What is needed - Find the line below with "女子向けラノベタイトル風あだ名 | 『ひでしの婚約者』『ひでしアンティーク』 |" and the line with "이범수는 많은 관심을". Output them and the lines between, exactly, but not the pictures.
===== Data section
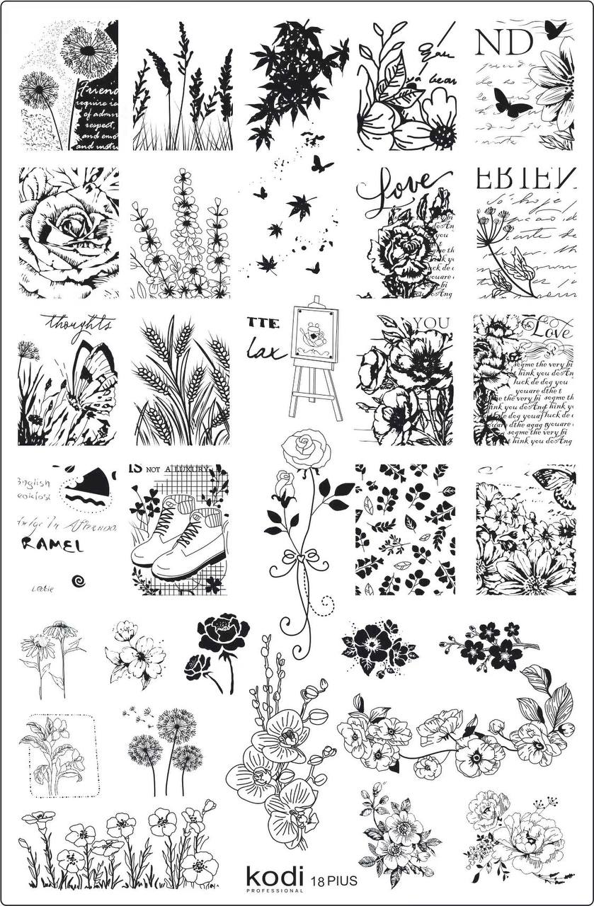 Маючи в арсеналі гель-фарбу, штамп і набір пластин, навіть новачок без особливих художніх навичок зможе створити приголомшливий, креативний дизайн, що привертає увагу. Відомий, міжнародний бренд Kodi Professional пропонує широкий асортимент товарів для стемпінгу, серед яких і універсальна пластина для стемпінгу №18, що є тонким листом металу з нанесеним на нього гравіюванням у вигляді квіткового принту (флористика).
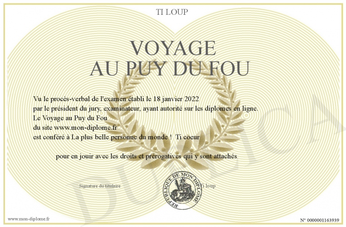 Envoyez par email votre Voyage au Puy du Fou personalisé
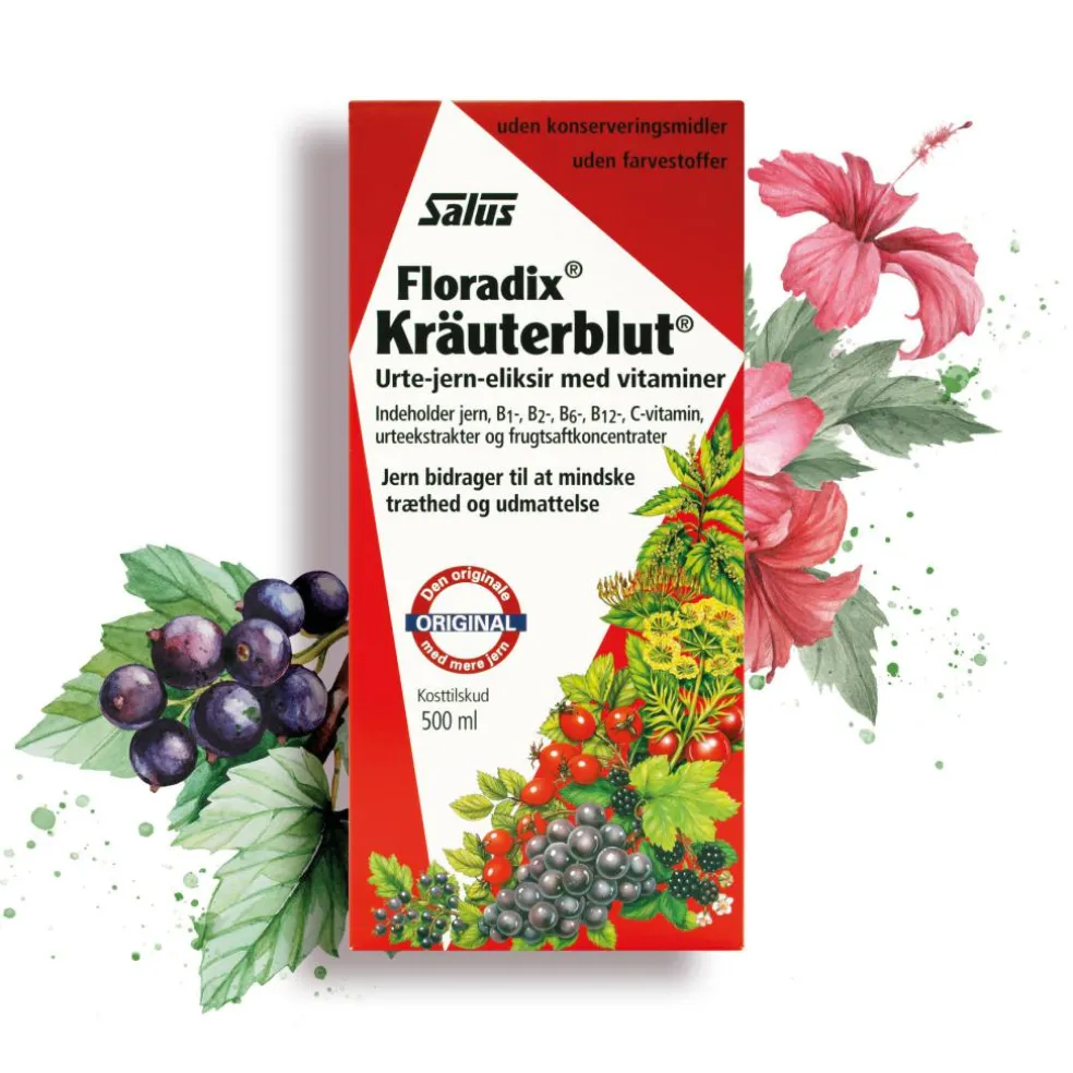 Jern bidrager desuden til normal dannelse af røde blodlegemer og hæmoglobin. Vitamin B6 og B12 bidrager til dannelsen af røde blodlegemer. Endvidere øger vitamin C optagelsen af jern.
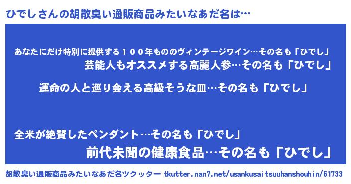 | 女子向けラノベタイトル風あだ名 | 『ひでしの婚約者』『ひでしアンティーク』 |
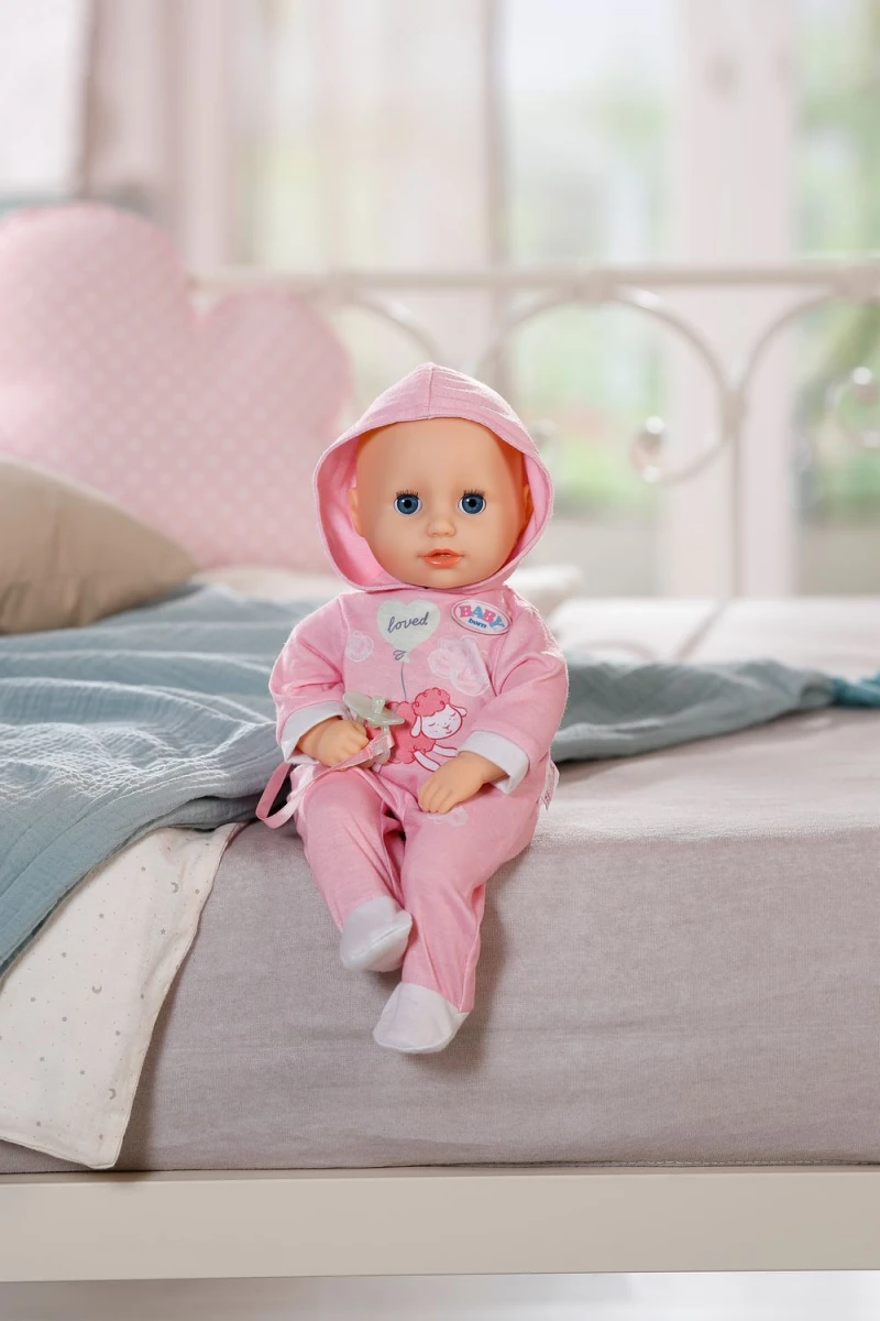 Súčasťou balenia je fľaštička, cumlík a pohodlné dupačky s kapucňou. Vďaka malej veľkosti a jednoduchému hernému princípu sa o svoju bábiku zvládnu postarať aj tí najmenší. Všetky doplnky Baby born veľkosti 36 cm sú s Hannah kompatibilné.
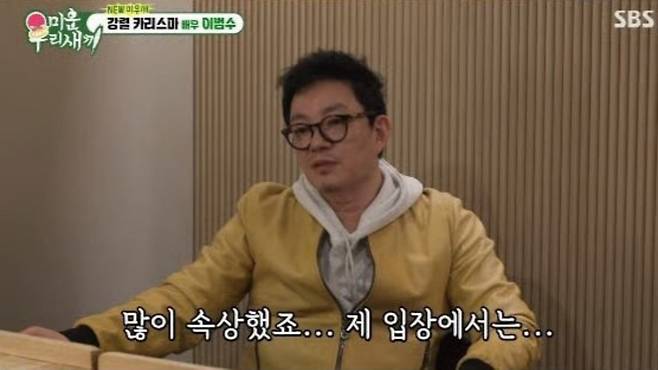 이범수는 많은 관심을 받았던 이혼 과정에서 따라붙은 오해들에 무거운 심경을 밝히기도. 그는 "많이 속상했다. 저로서는 침묵하길 잘한 것 같다. 아이들한테 미안해서 가만히 있고 싶더라"고 솔직하게 털어놓은 한편 "좋은 일도 아닌데 튀고 싶지 않았다. 애들한테 미안해 죽겠다"고 속상한 마음을 드러냈다.
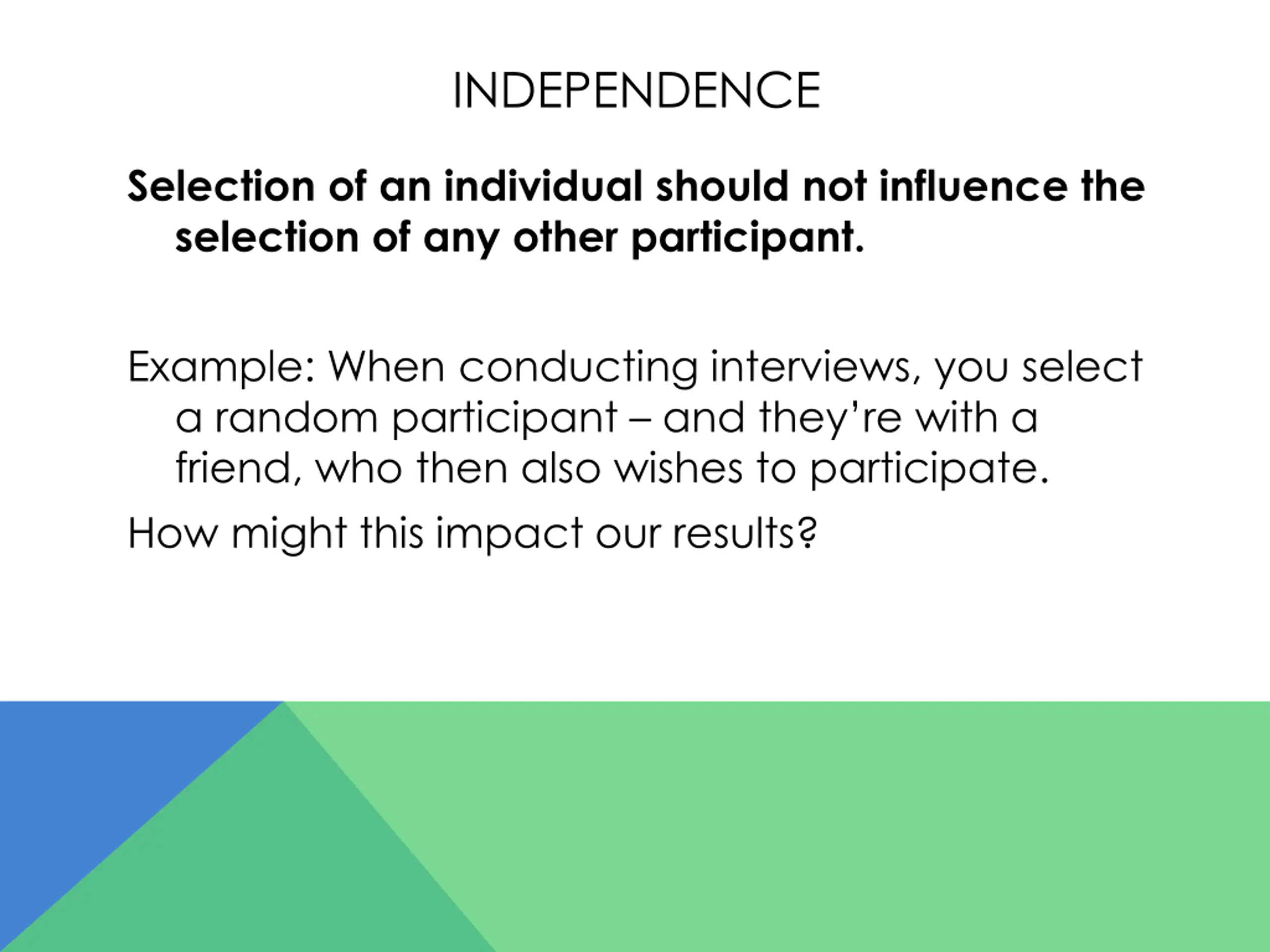 INDEPENDENCE Selection of an individual should not influence the selection of any other participant. Example: When conducting interviews, you select a random participant and they re with a friend, who then also wishes to participate. How might this impact our results?
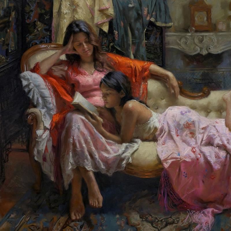 "Reading Time" is a limited edition giclee on canvas by Vicente Romero. The piece is hand signed, numbered, and come with a certificate of authenticity. Measures approximately 22.5" x 28".
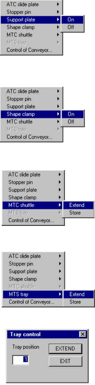 8 − 53 * Control of Conveyor W hen you select the menu item "Control of Conveyor", no extended menu appears on the screen and the dialog box appears instead as shown in the figur e below . ● If you select t he …
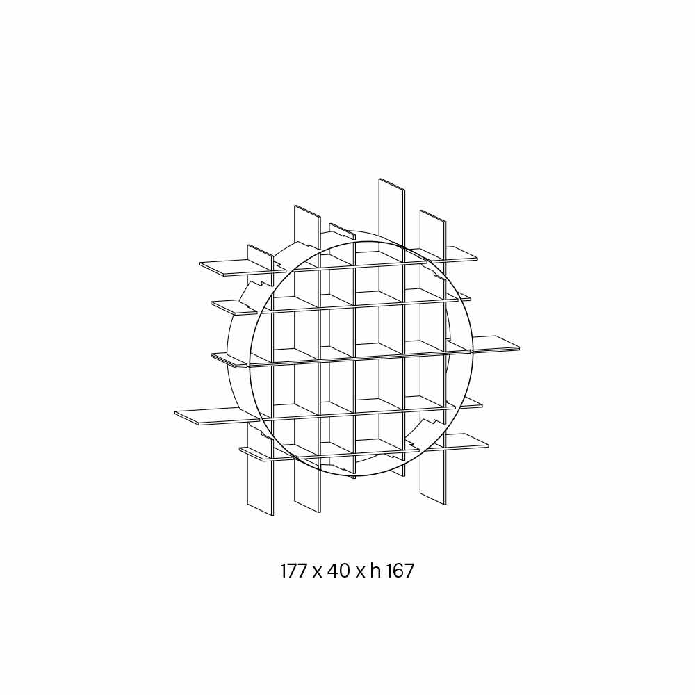 Seine Besonderheit besteht in der ineinandergreifenden Struktur aus dünnem Blech mit kreisförmiger Form in gebürstetem Schwarz, die sich in die Komposition einfügt und einen Effekt von extremer Raffinesse und Geometrie verleiht.
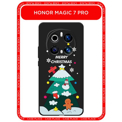 Черный матовый чехол на Honor Magic 7 Pro / Хонор Мэджик 7 Про с принтом Christmas tree white
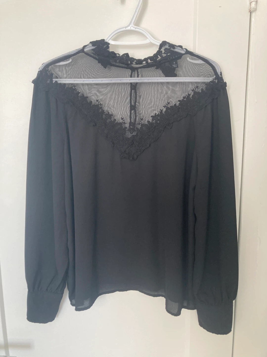1 / 11 / 1Buy & SellBlack Sheer Lace Blouse Size 8Black Sheer Lace Blouse Size 8$40Selling a lovely black blouse with sheer lace detailing. It's a size 8 and in great condition! Perfect for dressing up or downSize8WHERE TO MEETCheck LocationView MapSELLERverifiedMariahParkway Forest23216 reviews0 chats·0 favorites·5 viewsSEND CHAT TO SELLERHi Mariah! I’m interested in your listing.Hi Mariah! I’m interested in your listing.Get the Karrot app to chatSign In to chat
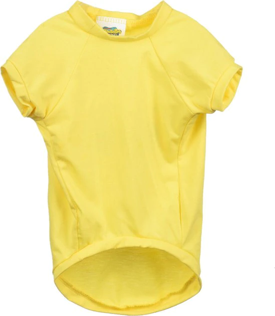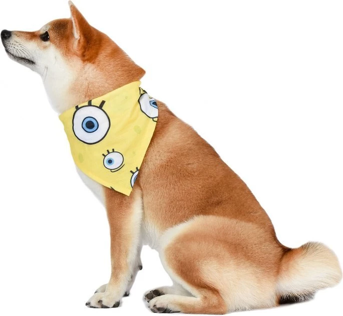 Remember to measure your pet for the paw-fect fit. Your dog will feel like his favorite deep sea hero when you dress him in the Fetch For Pets SpongeBob SquarePants Dog T-Shirt & Bandana Combo. Featuring the signature SpongeBob yellow and his big eyes and toothy grin, this apparel and accessory pair is just what you need to dress up your pup for any occasion. Use this adorable outfit as a Halloween costume, playdate ensemble or for everyday walks and outings—your furry friend will get all the looks and attention when he wears this out and about. Dogs love the soft, lightweight material of this combo, too!
==========
Answer section -
 | 女子向けラノベタイトル風あだ名 | 『ひでしの婚約者』『ひでしアンティーク』 |
 Súčasťou balenia je fľaštička, cumlík a pohodlné dupačky s kapucňou. Vďaka malej veľkosti a jednoduchému hernému princípu sa o svoju bábiku zvládnu postarať aj tí najmenší. Všetky doplnky Baby born veľkosti 36 cm sú s Hannah kompatibilné.
 이범수는 많은 관심을 받았던 이혼 과정에서 따라붙은 오해들에 무거운 심경을 밝히기도. 그는 "많이 속상했다. 저로서는 침묵하길 잘한 것 같다. 아이들한테 미안해서 가만히 있고 싶더라"고 솔직하게 털어놓은 한편 "좋은 일도 아닌데 튀고 싶지 않았다. 애들한테 미안해 죽겠다"고 속상한 마음을 드러냈다.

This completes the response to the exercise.